The Joseph Biden administration and his boosters in the liberal media are churning out propaganda claiming prospects for the U.S. capitalist economy have never looked better. They say inflation has been lowered to “acceptable” levels, full employment abounds and the stock market — home of speculation by the rich — is soaring.
“The ‘soft landing’ is in the bag,” former Federal Reserve economist Claudia Sahm boasted to the Washington Post. “Barring any other catastrophe, the economy has done the impossible.”
But for the working class, reality looks quite different as we struggle to make ends meet. The fact is a deepening capitalist economic and social crisis continues for our class, something that official government figures can’t gloss over.
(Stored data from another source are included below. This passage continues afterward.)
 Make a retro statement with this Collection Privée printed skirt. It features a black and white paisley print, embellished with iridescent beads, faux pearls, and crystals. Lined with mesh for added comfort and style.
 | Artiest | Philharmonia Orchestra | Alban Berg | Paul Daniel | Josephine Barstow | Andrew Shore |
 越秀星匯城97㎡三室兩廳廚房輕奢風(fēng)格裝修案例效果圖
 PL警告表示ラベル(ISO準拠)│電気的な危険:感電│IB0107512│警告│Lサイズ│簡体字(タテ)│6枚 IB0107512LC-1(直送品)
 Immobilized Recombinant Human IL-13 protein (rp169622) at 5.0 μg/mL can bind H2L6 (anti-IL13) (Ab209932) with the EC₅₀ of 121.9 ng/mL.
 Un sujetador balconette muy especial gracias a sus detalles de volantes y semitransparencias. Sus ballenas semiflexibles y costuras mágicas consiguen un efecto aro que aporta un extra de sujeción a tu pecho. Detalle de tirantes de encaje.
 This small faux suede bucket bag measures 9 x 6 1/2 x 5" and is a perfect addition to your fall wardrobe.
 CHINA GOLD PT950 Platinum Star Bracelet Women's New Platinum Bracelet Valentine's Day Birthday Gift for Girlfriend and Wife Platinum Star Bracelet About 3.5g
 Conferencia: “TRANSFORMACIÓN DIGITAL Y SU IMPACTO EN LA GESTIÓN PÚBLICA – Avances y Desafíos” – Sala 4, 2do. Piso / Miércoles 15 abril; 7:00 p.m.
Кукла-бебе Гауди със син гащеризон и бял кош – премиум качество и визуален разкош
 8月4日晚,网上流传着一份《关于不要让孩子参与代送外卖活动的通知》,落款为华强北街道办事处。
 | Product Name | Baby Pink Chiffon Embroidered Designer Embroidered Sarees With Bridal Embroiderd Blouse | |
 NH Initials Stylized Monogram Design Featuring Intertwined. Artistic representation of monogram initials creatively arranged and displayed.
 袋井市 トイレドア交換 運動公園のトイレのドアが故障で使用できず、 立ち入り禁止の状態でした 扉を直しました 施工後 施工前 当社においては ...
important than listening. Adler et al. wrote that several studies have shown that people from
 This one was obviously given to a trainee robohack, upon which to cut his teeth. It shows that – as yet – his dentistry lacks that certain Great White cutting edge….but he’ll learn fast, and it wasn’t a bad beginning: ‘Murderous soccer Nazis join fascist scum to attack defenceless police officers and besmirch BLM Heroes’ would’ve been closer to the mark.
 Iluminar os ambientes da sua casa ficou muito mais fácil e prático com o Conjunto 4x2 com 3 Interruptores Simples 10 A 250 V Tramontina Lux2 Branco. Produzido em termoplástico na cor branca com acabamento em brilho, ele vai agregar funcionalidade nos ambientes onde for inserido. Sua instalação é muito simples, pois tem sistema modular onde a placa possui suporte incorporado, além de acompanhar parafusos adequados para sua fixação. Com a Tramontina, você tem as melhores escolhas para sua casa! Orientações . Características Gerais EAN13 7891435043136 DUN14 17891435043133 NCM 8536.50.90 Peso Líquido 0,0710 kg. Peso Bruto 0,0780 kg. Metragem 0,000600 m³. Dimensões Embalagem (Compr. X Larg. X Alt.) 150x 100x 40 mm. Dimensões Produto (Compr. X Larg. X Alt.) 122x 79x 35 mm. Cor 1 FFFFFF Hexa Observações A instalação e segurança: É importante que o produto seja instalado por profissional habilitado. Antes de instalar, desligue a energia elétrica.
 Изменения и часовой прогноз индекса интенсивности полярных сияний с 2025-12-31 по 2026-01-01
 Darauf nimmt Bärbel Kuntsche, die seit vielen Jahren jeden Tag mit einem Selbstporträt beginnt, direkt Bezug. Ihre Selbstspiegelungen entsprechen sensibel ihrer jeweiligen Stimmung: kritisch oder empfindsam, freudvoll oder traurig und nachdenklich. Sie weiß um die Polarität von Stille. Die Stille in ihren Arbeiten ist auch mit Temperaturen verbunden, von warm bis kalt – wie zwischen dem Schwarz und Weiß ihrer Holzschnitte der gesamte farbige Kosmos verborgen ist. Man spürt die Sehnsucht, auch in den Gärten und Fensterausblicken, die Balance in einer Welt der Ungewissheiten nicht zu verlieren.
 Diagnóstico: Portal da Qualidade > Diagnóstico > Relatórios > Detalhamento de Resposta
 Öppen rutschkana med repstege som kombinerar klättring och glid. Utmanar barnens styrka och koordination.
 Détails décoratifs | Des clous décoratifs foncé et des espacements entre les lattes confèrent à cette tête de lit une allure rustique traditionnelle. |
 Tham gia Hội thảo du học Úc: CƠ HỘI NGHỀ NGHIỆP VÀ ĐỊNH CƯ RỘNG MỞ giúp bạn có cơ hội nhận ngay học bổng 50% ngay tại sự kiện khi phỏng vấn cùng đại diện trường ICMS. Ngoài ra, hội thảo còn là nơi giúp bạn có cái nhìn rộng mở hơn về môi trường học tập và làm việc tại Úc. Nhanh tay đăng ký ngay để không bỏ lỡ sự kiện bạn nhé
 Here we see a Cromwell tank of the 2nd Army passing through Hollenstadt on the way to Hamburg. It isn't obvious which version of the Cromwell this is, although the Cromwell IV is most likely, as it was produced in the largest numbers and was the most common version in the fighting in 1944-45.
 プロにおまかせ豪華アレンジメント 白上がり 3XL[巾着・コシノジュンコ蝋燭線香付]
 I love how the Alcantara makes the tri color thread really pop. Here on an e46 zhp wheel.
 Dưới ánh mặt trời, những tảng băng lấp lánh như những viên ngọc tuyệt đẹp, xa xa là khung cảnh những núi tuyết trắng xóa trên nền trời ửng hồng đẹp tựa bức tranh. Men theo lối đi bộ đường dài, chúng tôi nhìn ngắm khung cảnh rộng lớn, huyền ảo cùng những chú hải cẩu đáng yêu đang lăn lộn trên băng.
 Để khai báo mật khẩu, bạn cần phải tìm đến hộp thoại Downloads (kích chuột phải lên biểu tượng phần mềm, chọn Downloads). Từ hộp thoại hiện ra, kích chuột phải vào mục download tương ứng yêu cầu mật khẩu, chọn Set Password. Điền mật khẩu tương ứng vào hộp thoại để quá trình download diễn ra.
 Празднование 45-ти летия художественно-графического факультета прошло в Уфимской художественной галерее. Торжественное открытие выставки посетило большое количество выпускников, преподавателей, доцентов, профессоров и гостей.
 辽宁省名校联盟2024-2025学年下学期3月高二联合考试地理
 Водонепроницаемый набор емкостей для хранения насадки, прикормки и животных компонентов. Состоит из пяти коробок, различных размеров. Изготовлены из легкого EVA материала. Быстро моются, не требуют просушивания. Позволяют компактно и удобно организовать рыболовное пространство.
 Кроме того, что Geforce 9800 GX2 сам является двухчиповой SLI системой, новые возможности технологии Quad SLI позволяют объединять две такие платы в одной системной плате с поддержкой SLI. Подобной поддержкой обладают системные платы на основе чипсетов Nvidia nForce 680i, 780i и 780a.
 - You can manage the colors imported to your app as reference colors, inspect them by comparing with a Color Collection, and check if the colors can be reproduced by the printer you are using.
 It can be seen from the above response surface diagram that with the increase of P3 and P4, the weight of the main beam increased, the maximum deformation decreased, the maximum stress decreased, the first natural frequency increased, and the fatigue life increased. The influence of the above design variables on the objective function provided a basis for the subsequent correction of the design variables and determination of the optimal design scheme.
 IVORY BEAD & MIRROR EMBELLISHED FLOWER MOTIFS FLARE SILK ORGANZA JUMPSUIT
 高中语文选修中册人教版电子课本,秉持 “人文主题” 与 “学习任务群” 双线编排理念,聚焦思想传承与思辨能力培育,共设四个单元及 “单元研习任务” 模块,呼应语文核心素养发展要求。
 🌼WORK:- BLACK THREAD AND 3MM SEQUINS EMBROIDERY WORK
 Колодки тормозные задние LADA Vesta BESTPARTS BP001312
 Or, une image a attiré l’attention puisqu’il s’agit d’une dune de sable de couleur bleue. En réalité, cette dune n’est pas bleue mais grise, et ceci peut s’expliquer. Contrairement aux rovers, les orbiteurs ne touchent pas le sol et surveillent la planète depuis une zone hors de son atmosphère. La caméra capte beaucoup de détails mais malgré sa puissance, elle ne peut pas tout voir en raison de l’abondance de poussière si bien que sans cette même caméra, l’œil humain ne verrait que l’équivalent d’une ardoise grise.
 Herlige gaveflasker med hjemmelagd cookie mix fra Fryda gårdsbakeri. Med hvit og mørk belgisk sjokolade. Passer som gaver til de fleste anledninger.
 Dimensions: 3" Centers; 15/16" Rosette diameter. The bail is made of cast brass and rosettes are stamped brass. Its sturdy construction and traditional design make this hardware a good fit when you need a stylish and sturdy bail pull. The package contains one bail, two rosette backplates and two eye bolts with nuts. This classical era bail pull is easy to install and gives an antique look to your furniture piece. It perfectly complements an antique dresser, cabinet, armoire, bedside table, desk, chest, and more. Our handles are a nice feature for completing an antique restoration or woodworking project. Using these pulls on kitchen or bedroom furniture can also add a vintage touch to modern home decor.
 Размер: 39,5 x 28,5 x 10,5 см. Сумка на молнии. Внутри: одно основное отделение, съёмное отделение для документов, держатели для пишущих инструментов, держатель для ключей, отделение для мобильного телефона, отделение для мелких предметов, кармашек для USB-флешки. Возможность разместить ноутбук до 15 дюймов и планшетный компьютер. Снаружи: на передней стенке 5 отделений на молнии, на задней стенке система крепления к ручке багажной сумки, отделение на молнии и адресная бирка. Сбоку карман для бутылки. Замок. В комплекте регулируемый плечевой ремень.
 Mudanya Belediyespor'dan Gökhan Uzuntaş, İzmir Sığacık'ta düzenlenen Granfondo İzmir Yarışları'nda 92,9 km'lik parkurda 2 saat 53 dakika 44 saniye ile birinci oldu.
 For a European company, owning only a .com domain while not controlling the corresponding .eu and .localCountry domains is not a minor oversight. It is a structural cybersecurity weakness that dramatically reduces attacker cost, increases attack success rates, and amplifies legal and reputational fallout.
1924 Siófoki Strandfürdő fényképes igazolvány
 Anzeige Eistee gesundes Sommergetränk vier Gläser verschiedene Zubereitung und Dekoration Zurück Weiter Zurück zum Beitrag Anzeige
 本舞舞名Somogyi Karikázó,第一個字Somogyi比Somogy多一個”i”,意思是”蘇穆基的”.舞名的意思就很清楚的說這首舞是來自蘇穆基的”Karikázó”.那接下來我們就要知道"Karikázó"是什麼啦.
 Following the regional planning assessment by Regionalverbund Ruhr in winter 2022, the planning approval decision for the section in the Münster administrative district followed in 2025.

One indication is workers are turning to their unions to fight boss attacks and battle to make up ground our wages have lost to inflation. There are fights over work schedules, to allow time for family, union meetings and recreation, and for dignity on the job. Strikes this year have resulted in the highest number of workday stoppages in 40 years.
The consumer price index over the past 12 months rose 3.1%. But this doesn’t reflect the sharp class divisions between how prices affect the ruling rich and what we face with our rent, groceries, car bills, child care and other necessities.
While the inflation rate has slowed from previous months, prices on many items and services that workers depend on keep rising faster than our wages. Since February 2021 consumer prices have gone up 17%, while workers’ take-home pay declined 4.2%. This is one of the reasons the majority of working people say Biden’s handling of the economy isn’t working for them.
Grocery prices over these three years are up 21%, with some items even higher, including chicken, up 24%, and cereals and baked goods, up 25%. Energy prices are up over 30%. Fertilizers have risen 36%, making it harder for working farmers to meet their costs of production.
In Pennsylvania grocery prices have increased 8.2% over the last year, the largest jump in any state. And prices increased even more in rural areas around the country, places where workers’ average income is lower.
Rents are 22.1% higher than they were four years ago, forcing a growing number of young people to move in with their parents, other relatives or friends. And monthly home mortgage payments have risen over the past two years to 52% higher than the average apartment rent.
Sky-high housing costs have resulted in record-high homelessness. According to the U.S. Department of Housing and Urban Development, more than 653,000 people have found themselves homeless this year, a 12% rise since 2022. These “tallies are widely considered to be undercounts,” admitted the Wall Street Journal.
Today more than one-quarter of homeless adults are over age 54. The number of homeless families with children rose by 15%.
Hard to find decent jobs
More and more workers find good-paying jobs are hard to come by. Over the past six months most job openings have been in health care, leisure and hospitality, historically lower-paying jobs. Nearly 8.5 million workers say they have had to get two or more jobs to try and cover expenses for themselves and their families. Others try and make it by signing up for all the overtime they can get. And another 4 million have only been able to find part-time jobs.
The boss press started off December by gloating that manufacturing jobs had increased. But this was a lie. What changed was that United Auto Workers union members were back on the job after their hard-fought six-week strike against General Motors, Ford and Stellantis. And some of them were promptly laid off as the bosses tried to make up wage increases by speedup. GM bosses announced they’re cutting 1,300 more jobs at two auto plants in Michigan Jan. 1.
Jobs in manufacturing have continued to decline over the past 13 months. This includes drops in wood products, nondurable goods, and utilities production, as well as in textiles, apparel and leather. Reuters reported Dec. 15 that manufacturing bosses “were not overly optimistic that business conditions would improve over the next six months.”
The percentage of workers over 65 who have to keep working to get by has nearly doubled since the late 1980s. Many see no other choice, with inadequate or no savings or pensions, and paltry monthly Social Security payments that don’t come close to covering their rising housing, food and medical expenses.
Some 20% of workers over 65 had jobs this year, up from 11% in 1987, reported Pew Research Center. Workers 75 and older are now the fastest-growing age group in the workforce. About 9% of adults age 75 and older are employed, compared with 4% in 1987.